Cost contribution arrangements
There is no specific legislation on Cost Contribution Agreements in place. The Egyptian Transfer Pricing Guidelines indicate that CCAs, together with issues related to intangibles and controlled services, will be addressed in separate, more detailed guidance planned for future issuance. The analysis of CCAs is also expected to be covered within the APA framework.
Attribution of profits to permanent establishments (PEs)
Egypt does not broadly adopt the Authorised OECD Approach (AOA) for PE profit attribution. The existing tax treaties generally do not include the revised Article 7 of the OECD Model Tax Convention (2010+).
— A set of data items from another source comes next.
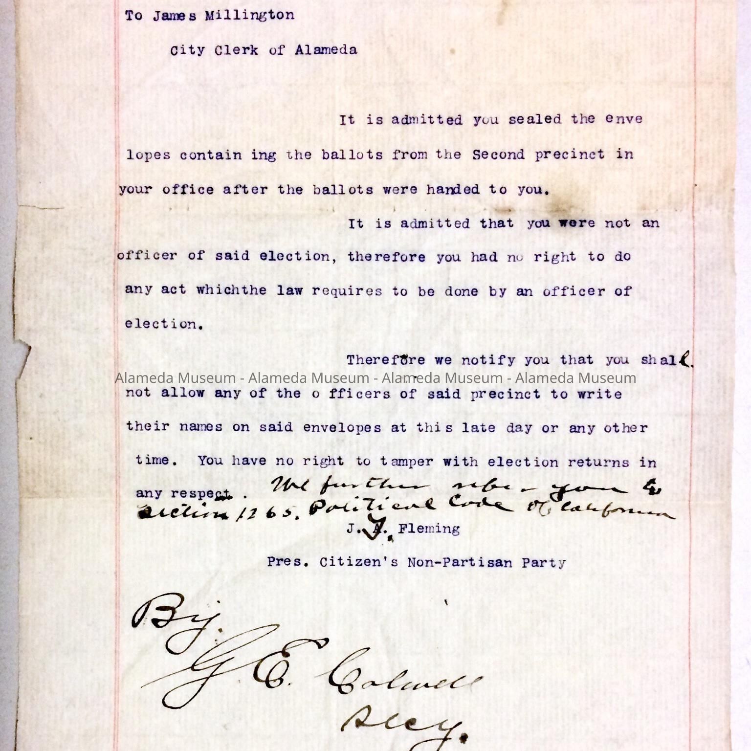 A LETTER ADDRESSED TO JAMES MILLINGTON, ALAMEDA CITY CLERK, AND SIGNED BY J A FLEMING, PRESIDENT, CITIZENS NONPARTISAN PARTY, ADMONISHING THE CITY CLERK AND OTHERS WHO HAD ANYTHING TO DO WITH SEALING OF ENVELOPES CONTAINING THE BALLOTS OF THE SECOND PRECINCT VOTES WHICH WERE TAKEN.
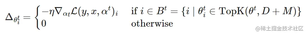 其中 TopK (θ,x) 是根据大小排序后从 θ 中的前 x 个权重。
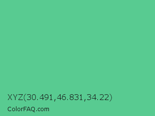 XYZ 30.491,46.831,34.22 Color is a normal green color and the nearest color is Ocean Green #48bf91. Hex code #58cb91 and RGB value is rgb(88,203,145). In RGB color space, this color is composed of 35% red, 80% green, 57% blue, In CMYK color space, this color is composed of 57% cyan, 0% magenta, 29% yellow , 20% black , In HSL color space, this color has a hue angle of 150° , 53% saturation and 57% lightness.
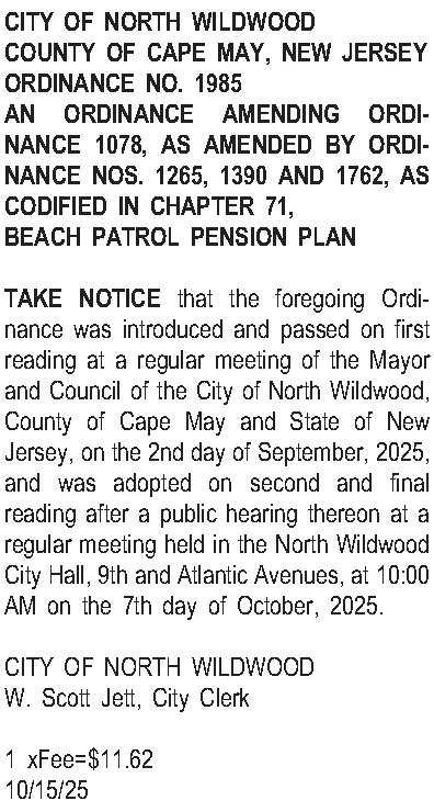 CITY OF NORTH WILDWOOD COUNTY OF CAPE MAY, NEW JERSEY ORDINANCE NO. 1985 AN ORDINANCE AMENDING ORDINANCE 1078, AS AMENDED BY ORDINANCE NOS. 1265, 1390 AND 1762, AS CODIFIED IN CHAPTER 71, BEACH PATROL PENSION PLAN TAKE NOTICE that the foregoing Ordinance was introduced and passed on first reading at a regular meeting of the Mayor and Council of the City of North Wildwood, County of Cape May and State of New Jersey, on the 2nd day of September, 2025, and was adopted on second and final reading after a public hearing thereon at a regular meeting held in the North Wildwood City Hall, 9th and Atlantic Avenues, at 10:00 AM on the 7th day of October, 2025. CITY OF NORTH WILDWOOD W. Scott Jett, City Clerk 1 xFee=$11.62 10/15/25
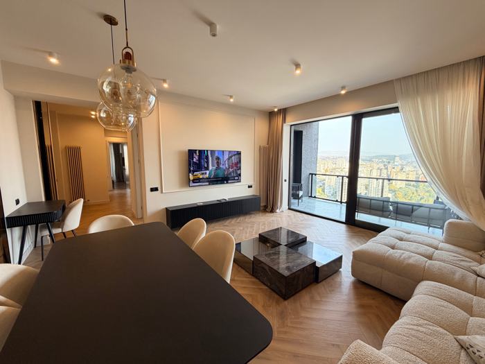 For rent in Axis Towers, on the 14th floor, a newly renovated 119.4 m² apartment (possible with a parking space), 2 bedrooms, 2 bathrooms, a large living room and a so-called. With a "winter garden", isolated kitchen (with all necessary appliances). With beautiful views on Chavchavadze Avenue and nearby. It can also be rented as an office. If you are interested, write to me or call me personally. I am the owner of the apartment.
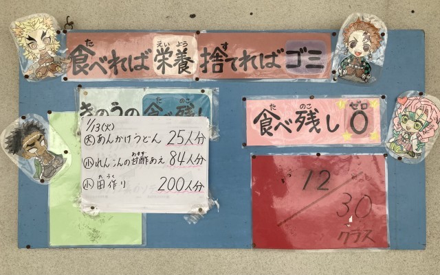 調理場前の掲示板に、3月までの新献立の紹介が追加されました。1・2月に市内の児童考案の献立も予定されています。
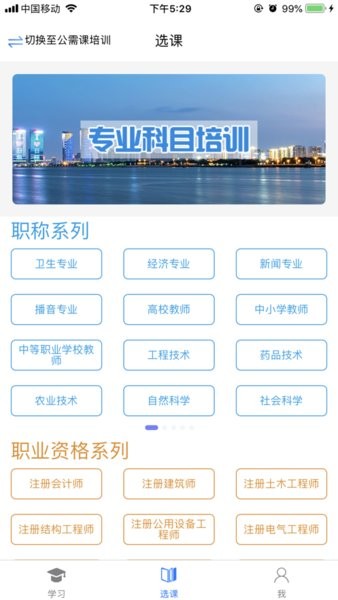 海量课程,按需选择,专业技术人员可以根据自己兴趣爱好、职称系列选择公需课和专业课;

Instead, profit attribution to a PE is determined by treaty provisions aligned with paragraph 3 of the UN Model Tax Convention as reflected in approximately 60 treaties: deductible expenses incurred for the PE’s business, including executive and general administrative expenses, are allowed; typically, amounts charged by the PE to the head office or other offices (such as royalties, fees or similar payments) are not taken into account in determining PE profits, with sectoral exceptions such as banking interest treatments.
Conclusion
Egypt has progressively aligned its transfer pricing framework with international standards by enshrining the arm’s length principle in domestic law, issuing Egyptian Transfer Pricing Guidelines that closely follow OECD guidance, and implementing documentation requirements including master file, local file and CbCR with defined filing deadlines and penalties. The statutory framework addresses definitional matters, acceptable methods, comparability principles and administrative remedies such as APAs and MAP development. Remaining areas for further domestic guidance include detailed rules on CCAs, MAP procedural guidance, expanded treatment of HTVI and a formal update of Egyptian Guidelines to fully reflect recent OECD and BEPS developments.